━━━ Recorded information ━━━

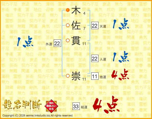 木佐貫崇さんの地運は11画の4点!
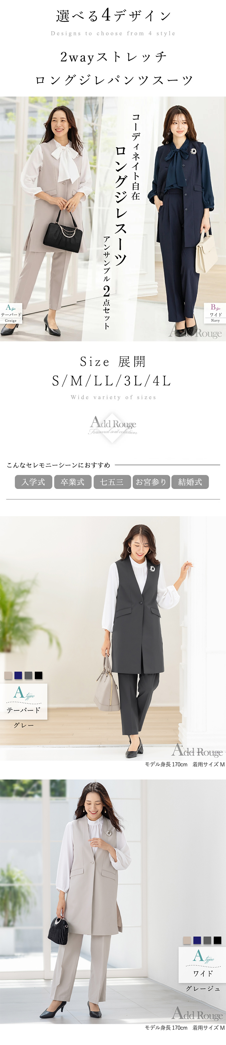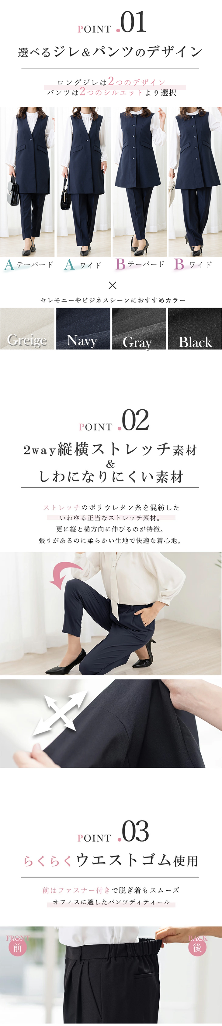 2つのデザインから選べるロング丈のジレと、2つのシルエットから選べるパンツのセットです。
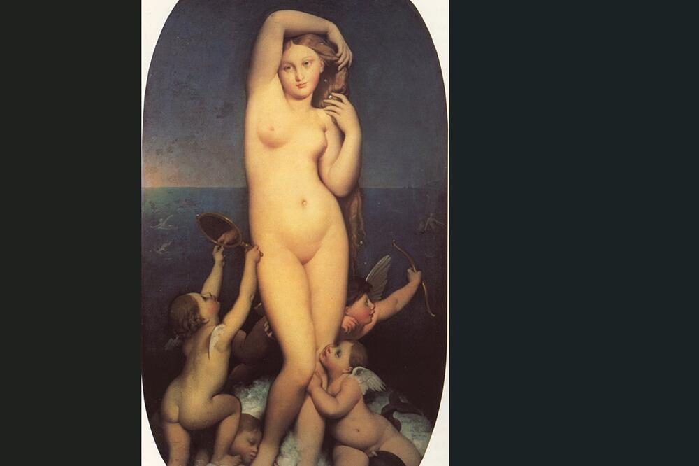 Vénus Anadyomène je bazirana na idejama i skicama koje je Ingres napravio još 1807-8, ali proći će čak 40 godina prije nego što će tadašnji vizuelni inventar koji je slikar brižljivo pripremio - fetišizacija i jeste već neka vrsta fragmentacije, metonimijskog raspodjeljivanja imaginarne cjeline - biti finalno povezan, prije nego što će ‘razbacani’ elementi, koji su vjerovatno predugo, ali možda i, naprotiv, upravo u pravom omjeru držani u arhivi, biti adekvatno ‘ušiveni’. A taj šav je uvijek vještački: slika se sklapa i konstruiše, ona se organizuje kroz principe harmonije i ritma.
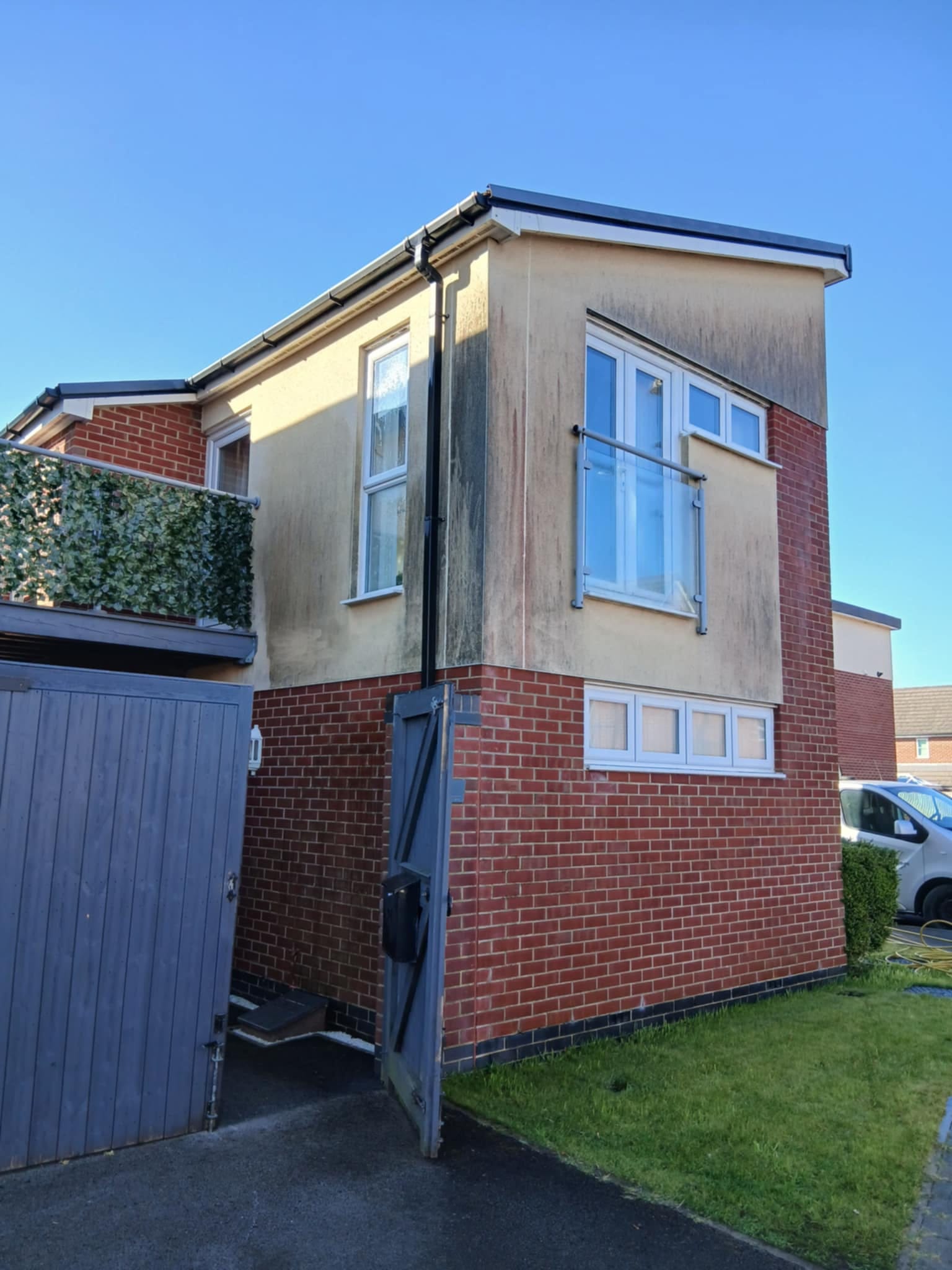 Over time, render can become dull, green, or black with algae growth. Many homeowners think repainting is the only solution, but our render cleaning and softwashing techniques can restore the original finish at a fraction of the cost. With Stoke Jetwash, your home or commercial property can look like new again – without unnecessary expense.

━━━

**What to produce**. The answer must consist solely of the lines from the first line of the data through the line containing "2つのデザインから選べるロン", inclusive, reproduced exactly and without pictures.

**Written response**.
 木佐貫崇さんの地運は11画の4点!
 2つのデザインから選べるロング丈のジレと、2つのシルエットから選べるパンツのセットです。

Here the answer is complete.